**Aim of the task**
Give back exactly the lines of the entries below from the line with "A Buddha ott" to the line with "クイズに応募していただいた方の中から抽選で GReeeeNのライブツアー「俺らレボリューション」のチケットを50 […]", inclusive, and only those.

**Provided data**
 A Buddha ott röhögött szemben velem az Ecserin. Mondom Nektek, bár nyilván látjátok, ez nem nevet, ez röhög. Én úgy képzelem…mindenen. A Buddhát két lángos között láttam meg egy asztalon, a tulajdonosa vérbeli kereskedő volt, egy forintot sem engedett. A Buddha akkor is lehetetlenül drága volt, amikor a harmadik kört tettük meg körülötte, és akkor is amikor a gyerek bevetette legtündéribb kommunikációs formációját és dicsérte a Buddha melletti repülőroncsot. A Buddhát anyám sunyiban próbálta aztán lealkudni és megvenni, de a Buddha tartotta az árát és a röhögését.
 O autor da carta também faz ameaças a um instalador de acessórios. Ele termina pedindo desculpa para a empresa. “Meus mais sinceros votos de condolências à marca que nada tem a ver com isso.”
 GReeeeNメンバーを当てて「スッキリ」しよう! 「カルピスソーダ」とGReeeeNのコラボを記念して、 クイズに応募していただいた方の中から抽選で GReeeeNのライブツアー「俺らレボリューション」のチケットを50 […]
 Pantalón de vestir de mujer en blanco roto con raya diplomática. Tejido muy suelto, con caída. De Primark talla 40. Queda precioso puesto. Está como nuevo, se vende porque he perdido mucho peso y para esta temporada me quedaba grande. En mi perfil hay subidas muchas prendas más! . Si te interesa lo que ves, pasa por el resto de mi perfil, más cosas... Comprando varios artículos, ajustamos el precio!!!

--

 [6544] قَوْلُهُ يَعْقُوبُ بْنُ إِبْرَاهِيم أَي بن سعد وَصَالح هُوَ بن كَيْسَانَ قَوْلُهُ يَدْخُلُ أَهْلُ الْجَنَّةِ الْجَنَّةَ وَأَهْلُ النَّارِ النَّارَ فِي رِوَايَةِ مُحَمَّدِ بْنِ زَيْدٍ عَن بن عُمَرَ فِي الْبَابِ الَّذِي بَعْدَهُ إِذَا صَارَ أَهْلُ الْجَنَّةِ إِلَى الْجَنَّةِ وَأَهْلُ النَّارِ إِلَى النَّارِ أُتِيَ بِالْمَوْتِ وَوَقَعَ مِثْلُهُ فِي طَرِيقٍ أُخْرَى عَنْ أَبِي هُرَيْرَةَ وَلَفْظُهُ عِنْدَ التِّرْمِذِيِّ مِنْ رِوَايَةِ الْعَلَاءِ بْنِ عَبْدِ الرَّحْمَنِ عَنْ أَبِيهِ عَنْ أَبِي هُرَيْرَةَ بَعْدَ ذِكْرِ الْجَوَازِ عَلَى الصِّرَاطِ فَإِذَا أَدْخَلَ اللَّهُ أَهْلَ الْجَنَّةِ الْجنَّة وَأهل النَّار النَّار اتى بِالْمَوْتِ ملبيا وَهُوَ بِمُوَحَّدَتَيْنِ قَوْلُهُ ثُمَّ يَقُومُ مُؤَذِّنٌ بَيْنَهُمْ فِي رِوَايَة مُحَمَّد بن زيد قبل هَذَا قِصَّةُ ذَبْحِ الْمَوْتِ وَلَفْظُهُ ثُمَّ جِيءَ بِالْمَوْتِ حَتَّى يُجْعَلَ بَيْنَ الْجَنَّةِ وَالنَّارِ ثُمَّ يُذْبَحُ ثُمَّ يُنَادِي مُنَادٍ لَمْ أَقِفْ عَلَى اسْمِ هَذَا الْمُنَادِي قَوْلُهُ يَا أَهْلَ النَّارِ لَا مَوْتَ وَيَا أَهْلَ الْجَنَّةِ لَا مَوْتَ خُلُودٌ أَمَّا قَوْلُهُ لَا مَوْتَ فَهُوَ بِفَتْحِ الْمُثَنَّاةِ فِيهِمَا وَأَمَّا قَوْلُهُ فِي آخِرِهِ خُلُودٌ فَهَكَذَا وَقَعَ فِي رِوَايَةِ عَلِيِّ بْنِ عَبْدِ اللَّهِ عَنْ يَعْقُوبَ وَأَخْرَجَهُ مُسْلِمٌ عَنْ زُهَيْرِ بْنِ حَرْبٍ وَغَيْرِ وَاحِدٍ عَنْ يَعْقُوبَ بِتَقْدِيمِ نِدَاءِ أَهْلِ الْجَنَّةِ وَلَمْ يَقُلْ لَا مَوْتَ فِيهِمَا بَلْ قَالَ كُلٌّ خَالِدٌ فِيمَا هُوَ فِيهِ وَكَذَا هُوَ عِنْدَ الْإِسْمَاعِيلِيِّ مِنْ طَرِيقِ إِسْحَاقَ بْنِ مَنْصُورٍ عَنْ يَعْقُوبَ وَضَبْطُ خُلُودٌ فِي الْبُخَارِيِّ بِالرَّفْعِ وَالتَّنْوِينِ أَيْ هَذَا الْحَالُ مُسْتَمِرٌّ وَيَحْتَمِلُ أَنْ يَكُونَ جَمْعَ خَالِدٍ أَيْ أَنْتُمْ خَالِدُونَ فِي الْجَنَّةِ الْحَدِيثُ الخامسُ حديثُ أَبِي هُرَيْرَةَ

--

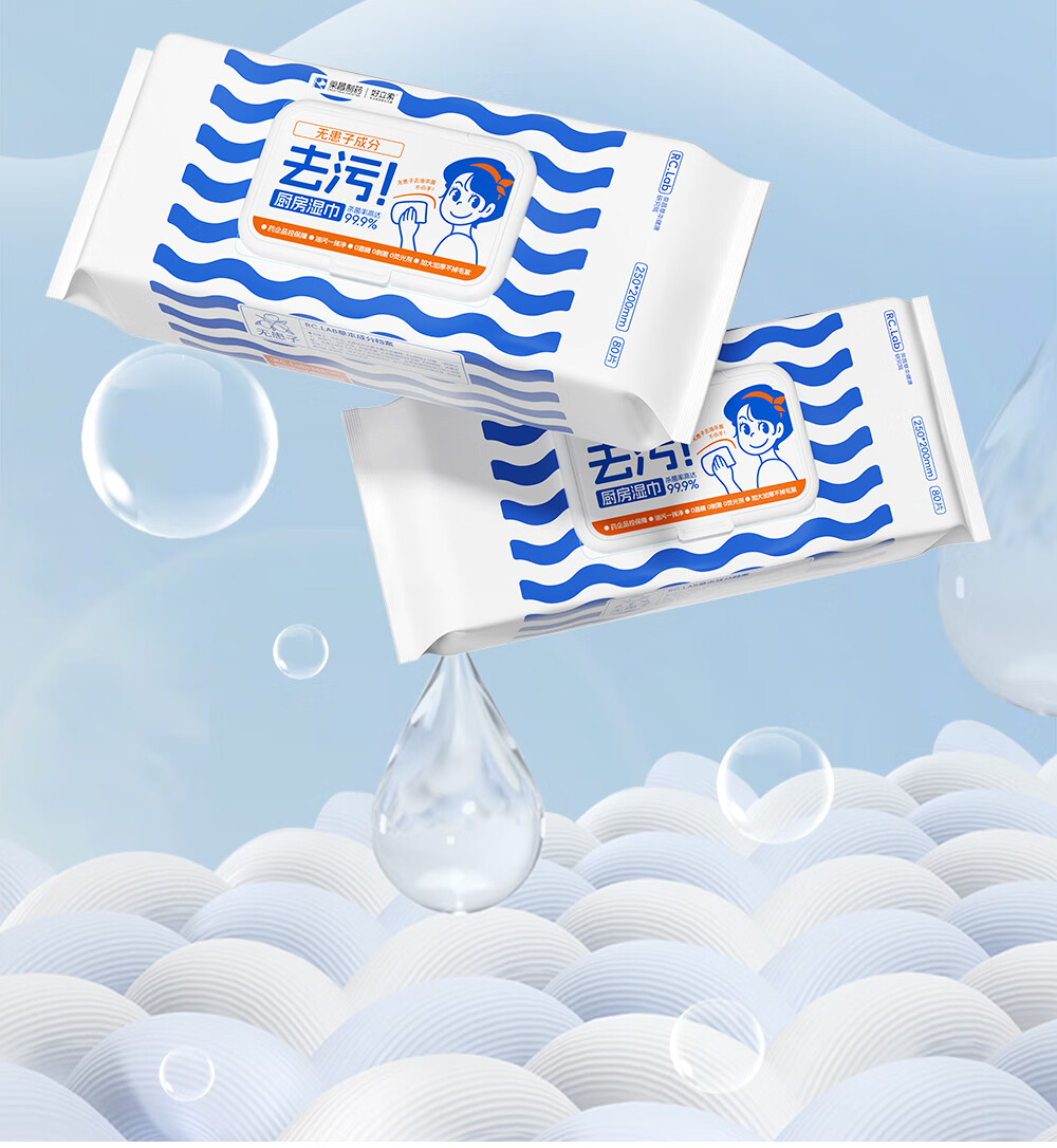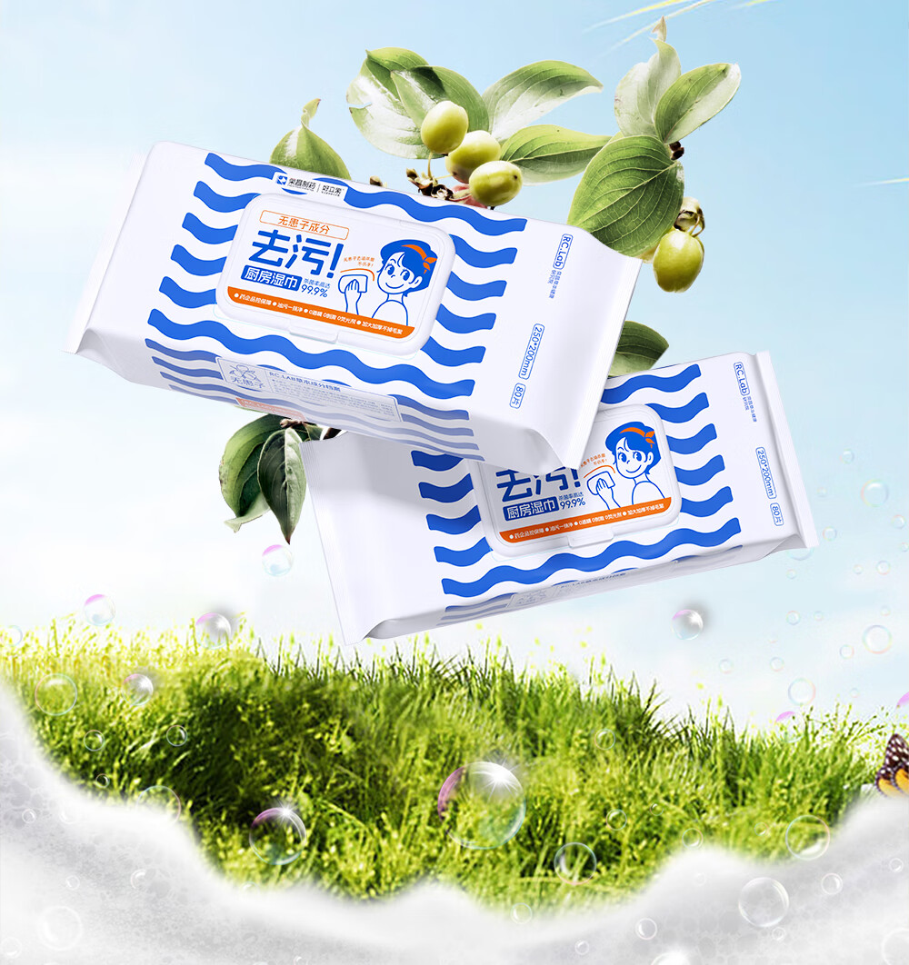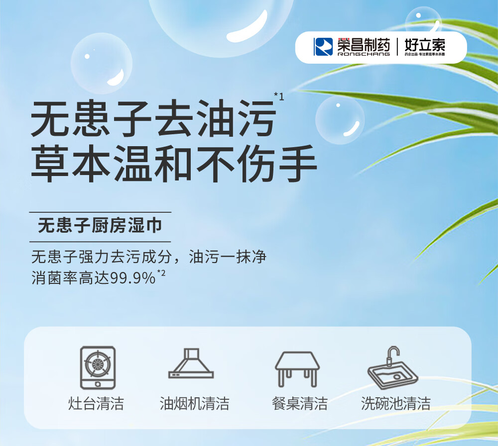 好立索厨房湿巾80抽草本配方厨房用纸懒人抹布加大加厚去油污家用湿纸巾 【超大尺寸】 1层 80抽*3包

**Finished task**
 A Buddha ott röhögött szemben velem az Ecserin. Mondom Nektek, bár nyilván látjátok, ez nem nevet, ez röhög. Én úgy képzelem…mindenen. A Buddhát két lángos között láttam meg egy asztalon, a tulajdonosa vérbeli kereskedő volt, egy forintot sem engedett. A Buddha akkor is lehetetlenül drága volt, amikor a harmadik kört tettük meg körülötte, és akkor is amikor a gyerek bevetette legtündéribb kommunikációs formációját és dicsérte a Buddha melletti repülőroncsot. A Buddhát anyám sunyiban próbálta aztán lealkudni és megvenni, de a Buddha tartotta az árát és a röhögését.
 O autor da carta também faz ameaças a um instalador de acessórios. Ele termina pedindo desculpa para a empresa. “Meus mais sinceros votos de condolências à marca que nada tem a ver com isso.”
 GReeeeNメンバーを当てて「スッキリ」しよう! 「カルピスソーダ」とGReeeeNのコラボを記念して、 クイズに応募していただいた方の中から抽選で GReeeeNのライブツアー「俺らレボリューション」のチケットを50 […]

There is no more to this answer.